Heat maps of the set of genes (classifiers) yielding the optimal LOOCV accuracy rates were produced. Clustering was performed for both samples and genes utilising hierarchical clustering with Euclidean distance as the dissimilarity function with complete linkage agglomeration. Dendrograms are displayed on the appropriate axis of the heat map.

Results

Microarray analysis of lymph node biopsies

Microarrays quantifying gene expression in lymph node biopsies (n = 142) suspected of lymphoma were assessed for quality using the arrayQuality package. Arrays with a CV QC score of >1 were identified as sub-optimal in quality and subsequently removed from analysis to result in a final total of 116 arrays analysed. A summary of the diagnosis of each of these biopsies and number of each subtype examined is shown in Table 1. A diagnostic profile for the global multi-class approach consisting of 50 genes was developed, and demonstrated an optimal LOOCV accuracy rate of 83.6% for the diagnosis of biopsies as RL, HL, FL or DLBCL (Table 2). Most cases from the diagnostic classes examined in this study clustered distinctly together by hierarchical clustering, with the exception of DLBCL (Figure 1A). An accuracy rate of only 68.6% was achieved when the same profile of genes were tested on an independent test set (Table 2).
Table 2

The accuracy rates resulting from GEP classification of lymph node biopsies into selected subtypes.

ComparisonSubtypesOptimal number of probesTraining set accuracy rate (%)Test set accuracy rate* (%)
Global multi-classRL v cHL v FL v DLBCL5083.668.6

Local binary-classRL v Lymphoma13087.780.0
cHL v NHL4089.282.1
FL v DLBCL1084.876.1

Global binary-classcHL v remaining cases3091.482.8
FL v remaining cases6082.788.5
DLBCL v remaining cases49087.782.8

* The reported independent test set accuracy rates indicate the proportion of correctly classified cases from the total number assessed in the test datasets.

Figure 1

Hierarchical clustering of lymph node samples comparing distinct subtypes of lymphoma.

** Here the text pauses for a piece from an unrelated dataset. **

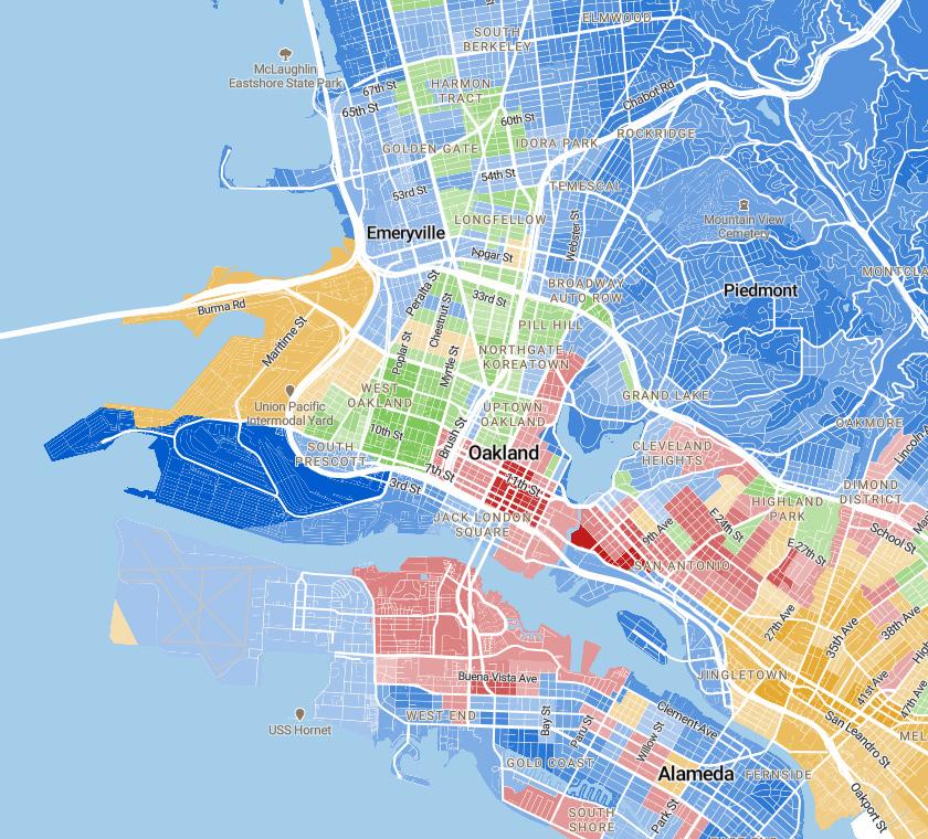 In this final map of the project, I introduce what city planners have done to help remedy the effects caused by mid-century redlining and freeway construction. The major difference would be the removal of the Cyprus Viaduct that carved out rows of West Oakland neighborhood blocks. Now a wide avenue with green space, I should have used a different line type than to visually categorize it with the other MAJOR STREETS on the map. This would have made this major change in the neighborhood easier to highlight on the map.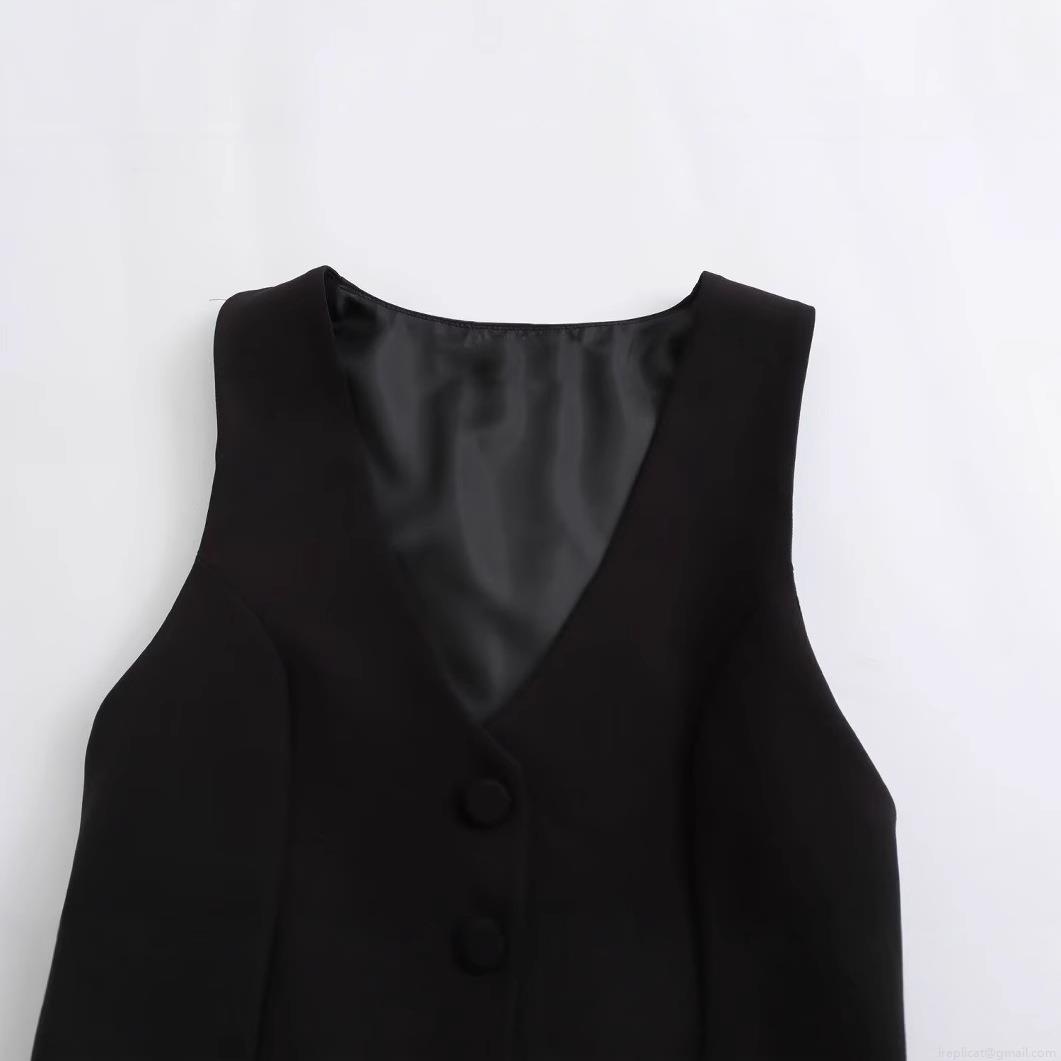 Solid Color, Splice, Buckle, Fake Two-piece, Satin Finish, Suit Collar

Heatmaps depict A. Multi-class analysis for cases of RL (grey, n = 16), cHL (black, n = 12), DLBCL (yellow, n = 8) and FL (magenta, n = 25); B. cHL (grey, n = 12) versus NHL (black, n = 53) and C. FL (grey, n = 25) versus DLBCL (black, n = 8). The columns represent the samples and rows represent the solicited genes. Each cell within the grid is indicative of the gene expression level for an individual sample with colour used to depict intensity on a graduating red (high) to green (low) scale. See Additional files 2 and 3 for the lists of top 10 and 20 classifier genes distinguishing HL from NHL and FL from DLBCL.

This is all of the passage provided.